29211 Beijing 2008 Wrestling ... Silver Germany GER
29212 Beijing 2008 Wrestling ... Bronze Lithuania LTU
29213 Beijing 2008 Wrestling ... Bronze Armenia ARM
29214 Beijing 2008 Wrestling ... Gold Cuba CUB
29215 Beijing 2008 Wrestling ... Silver Russia RUS

29216 rows × 12 columns

For our first figure, we'll count how many medals have been won in total by each country, then take the top thirty:

data['Country'].value_counts().head(30)
United States     4335
Soviet Union      2049
United Kingdom    1594
France            1314
Italy             1228
                  ... 
Spain              377
Switzerland        376
Brazil             372
Bulgaria           331
Czechoslovakia     329
Name: Country, Length: 30, dtype: int64

And turn it into a bar chart:

data['Country'].value_counts().head(30).plot(kind='barh')

png

Ignoring other asthetic aspects of the plot, it's obvious that we need to change the size - or rather the shape. Part of the confusion over sizes in plotting is that sometimes we need to just make the chart bigger or smaller, and sometimes we need to make it thinner or fatter. If we just scaled up this plot so that it was big enough to read the names on the vertical axis, then it would also be very wide. We can set the size by adding a figsize keyword argument to our pandas plot() function. The value has to be a tuple of sizes - it's actually the horizontal and vertical size in inches, but for most purposes we can think of them as arbirary units.

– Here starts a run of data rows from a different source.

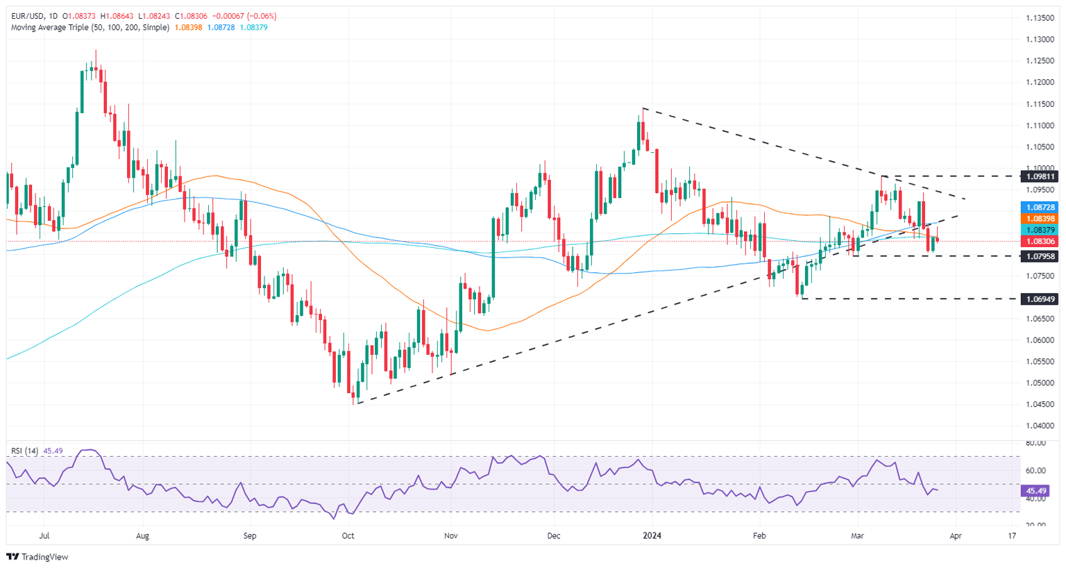 The Euro retraces against the US Dollar from weekly highs hit at 1.0864 and tumbles toward the 1.0820 region on Tuesday amidst a buoyant Greenback. At the time of writing, the EUR/USD trades at 1.0828 down 0.08%.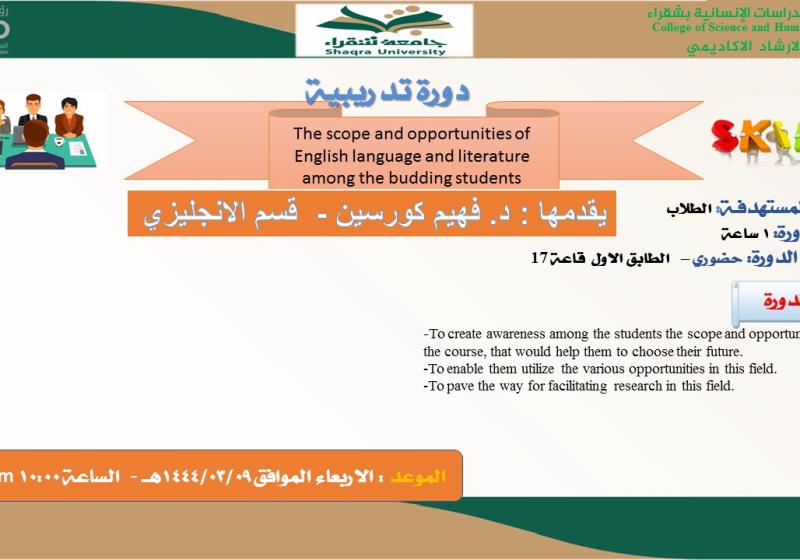 الثلاثاء 4 أكتوبر The scope and opportunities of English language and literature among" the budding students" دورة تدريبية بقسم اللغة الانجليزية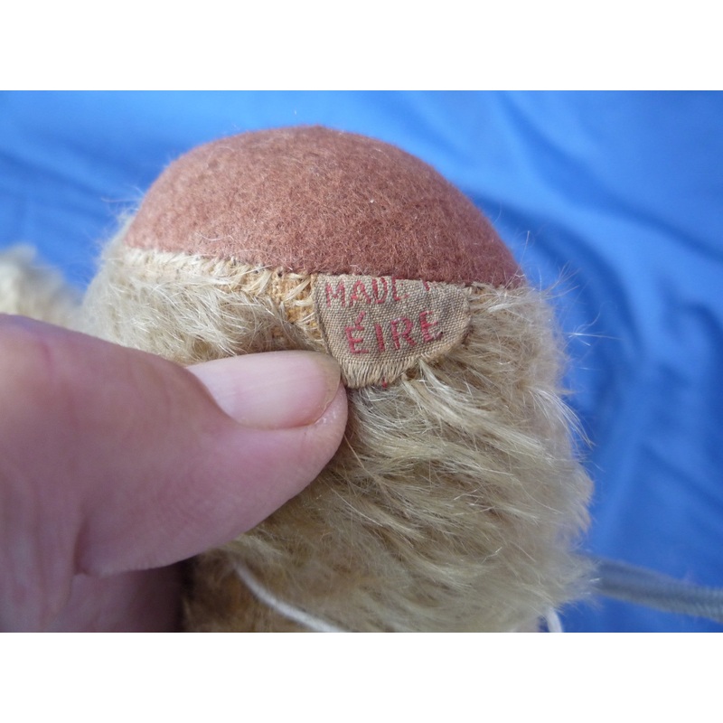 This is a 1940s Erris Toys Label. Red embroidery on white. This company became Tara toys in 1953 Description Date 1940 Make Erris Toys Ireland Button Label Foot Fabric Mohair Blond Size Eyes Glass Features Jointed Fully Jointed Pads Stuffing Woodwool Cloth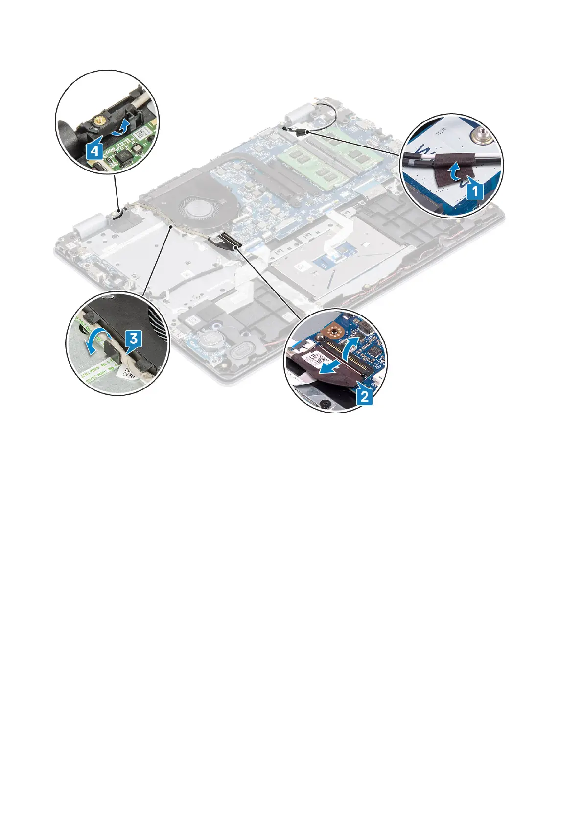 4. Remove the four (M2.5x6) screws that secure the left and right hinges to the system board, and palmrest and keyboard assembly.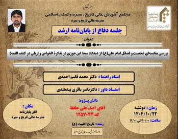 جلسه دفاع از پایان نامه ارشد دانش پژوه آصف علی حافظ با موضوع «بررسی مقایسه ای شخصیت و فضائل امام علی (علیه السلام) از دیدگاه سبط ابن جوزی در تذکرة الخواص و اربلی در کشف الغمه» با راهنمایی دکتر محمد قاسم احمدی و راهنمایی استاد ناصر باقری بیدهندی 22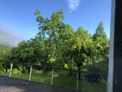 朝の集いが始まります。晴れてきました。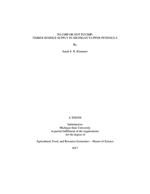 To chip or not to chip : timber residue supply in Michigan's Upper Peninsula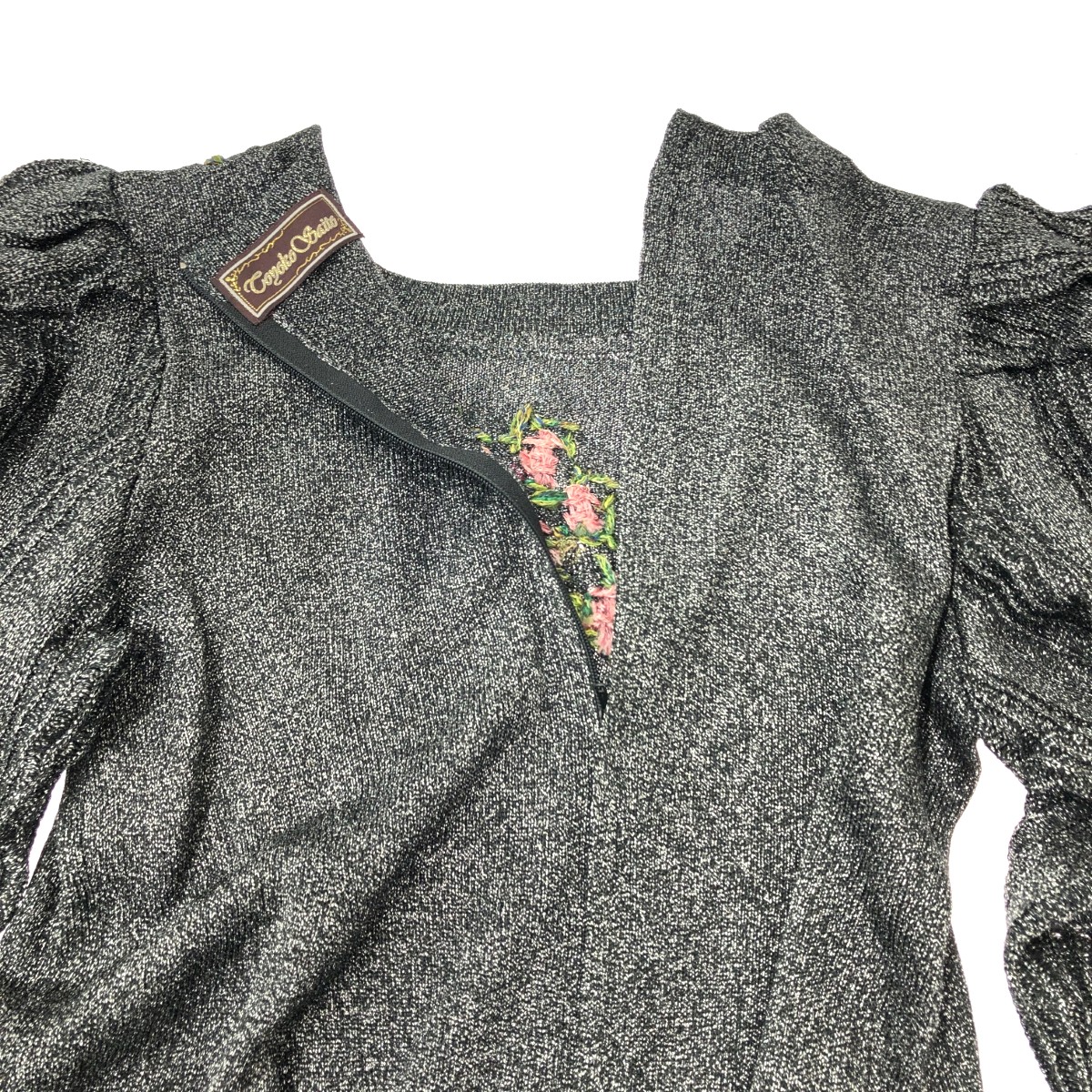 ブーケ刺繍ワンピース ラメ/ニット/ロング丈 ※素材は画像の素材タグをご確認ください。 画像にない場合は素材タグが無く素材不明となります。 |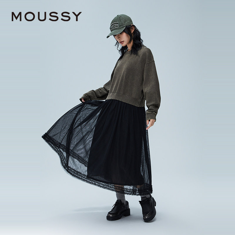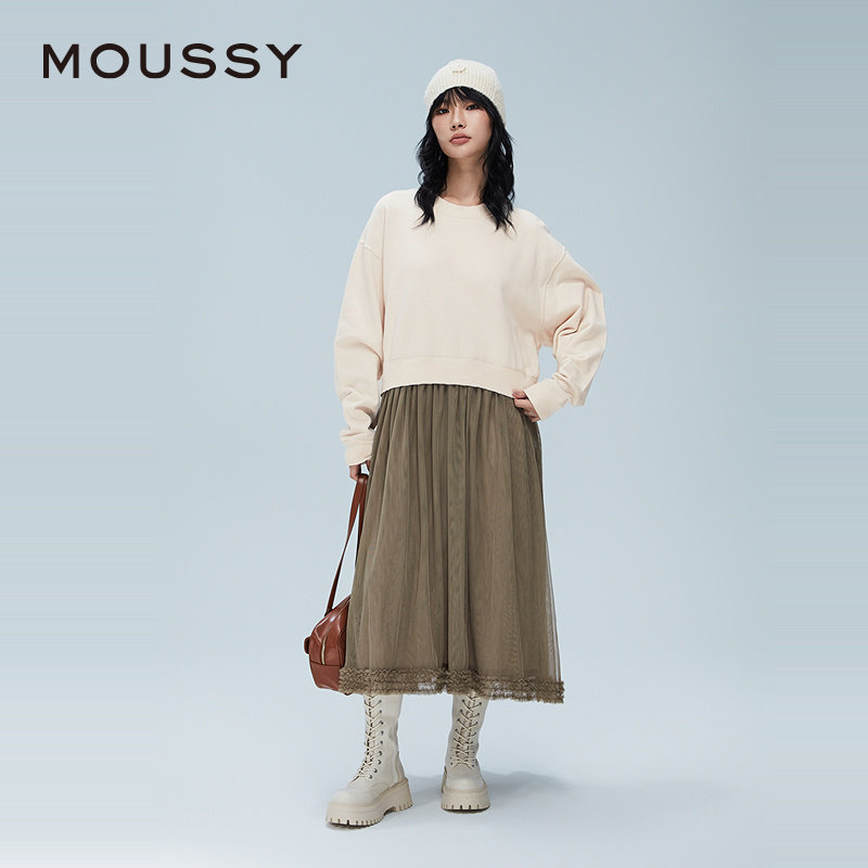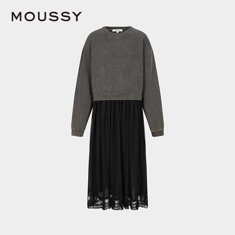 MOUSSY 冬季新品甜美日系风拼接卫衣裙连衣裙女028HA980-2181
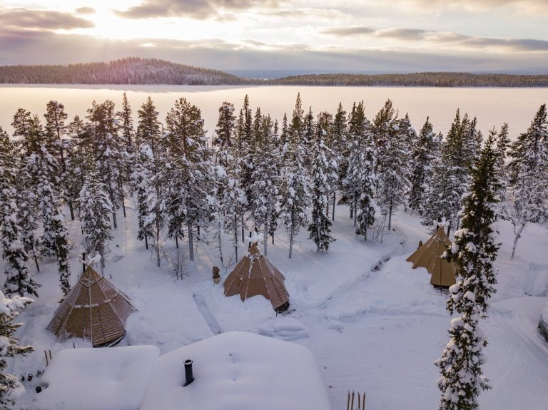 Sápmi Nature Camp, a high-end glamping site, recently opened about 40 minutes from the center of Gällivare. The old homestead was already covered with a boreal forest, grazing land, and a cabin from 1910. They were left largely untouched. There’s no electricity, running water, or WiFi at the camp. Candles light the cabin. A fireplace warms it and cooks the food (marinated grouse and smoked mountain fish are on the menu tonight). Another one heats the sauna. Each of the lavvu tents, which look like tepees, have their own wood-burning stoves, as well. An automatic diesel-fuel heater keeps guests toasty all through the night.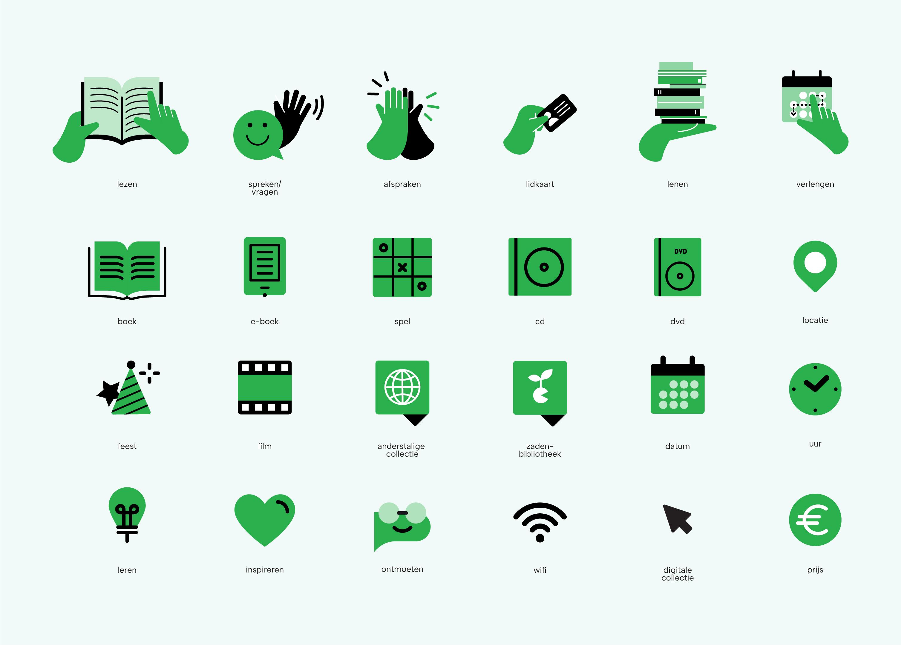Omdat elke bibliotheek zelf aan de slag gaat met de huisstijl ontwikkelden we een huisstijlgids met praktische do’s and don’ts en een overzicht van alle kleuren, logo’s, iconen en templates. Deze kan je hier bekijken.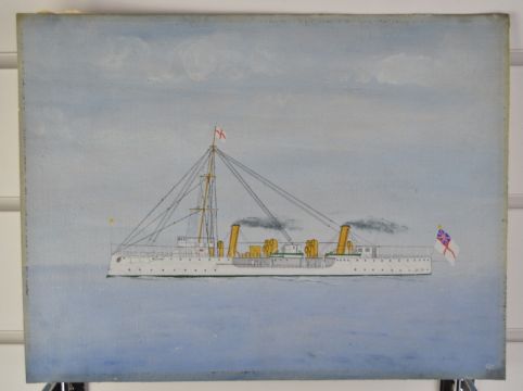 Late 19th or early 20thC oil on paper study of a Royal Navy steam ship flying the white ensign, monogrammed possibly AR, the reverse being a shipping chart of the Isle of Grain, 25 x 33cm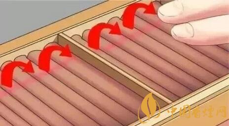 将雪茄放在湿度稍大如地下室之类的地方约一星期(如果雪茄特别干燥,可适当延长时间)。而后将雪茄放置在湿度为70%的保温盒内,每隔2-3天翻转四分之一(90度),直到全部旋转两次。
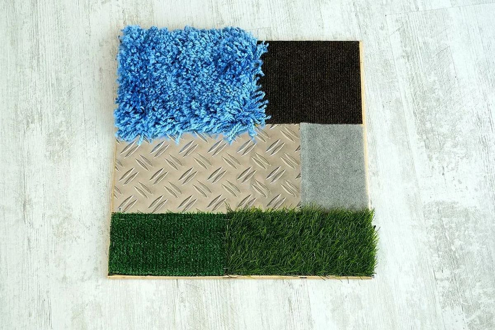 На панели представлен набор различных материалов, каждый из которых выделяется своей текстурой и составом. Трогая разные предметы, дети обогащают тактильные ощущения, знакомятся с новыми материалами и изучают их применение. Панель рекомендуется использовать в детских садах, школах, центрах развития и в домашней среде.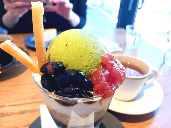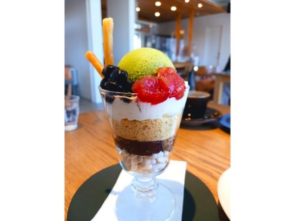 こちらも数量限定ですよ! 抹茶アイス、黒豆、季節のフルーツジャム、きな粉ロールケーキ、あんこ、芋けんぴが入った、和素材がたっぷりのパフェ。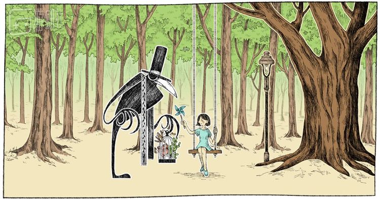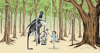 故事开始呈现回文般的展开。乌鸦先生手上的风筝不见了,秋千上的少女也已变成灰色的石块。

Here's what happens if we make the plot bigger, but keep the original shape:

import matplotlib.pyplot as plt
data['Country'].value_counts().head(30).plot(kind='barh', figsize=(20,10))

png

And here's a version that keeps the large vertical size but shrinks the chart horizontally so it doesn't take up so much space:

import matplotlib.pyplot as plt
data['Country'].value_counts().head(30).plot(kind='barh', figsize=(6,10))

png

Drawing a figure using matplotlib

OK, but what if we aren't using pandas' convenient plot() method but drawing the chart using matplotlib directly? Let's look at the number of medals awarded in each year:

plt.plot(data['Year'].value_counts().sort_index())

png

This time, we'll say that we want to make the plot longer in the horizontal direction, to better see the pattern over time. If we search the documentation for the matplotlib plot() funtion, we won't find any mention of size or shape. This actually makes sense in the design of matplotlib - plots don't really have a size, figures do. So to change it we have to call the figure() function:

plt.figure(figsize=(15,4))
plt.plot(data['Year'].value_counts().sort_index())

png

Notice that with the figure() function we have to call it before we make the call to plot(), otherwise it won't take effect:

plt.plot(data['Year'].value_counts().sort_index())

# no effect, the plot has already been drawn
plt.figure(figsize=(15,4))

png

Drawing a figure with seaborn

OK, now what if we're using seaborn rather than matplotlib? Well, happily the same technique will work. We know from our first plot which countries have won the most medals overall, but now let's look at how this varies by year. We'll create a summary table to show the number of medals per year for all countries that have won at least 500 medals total.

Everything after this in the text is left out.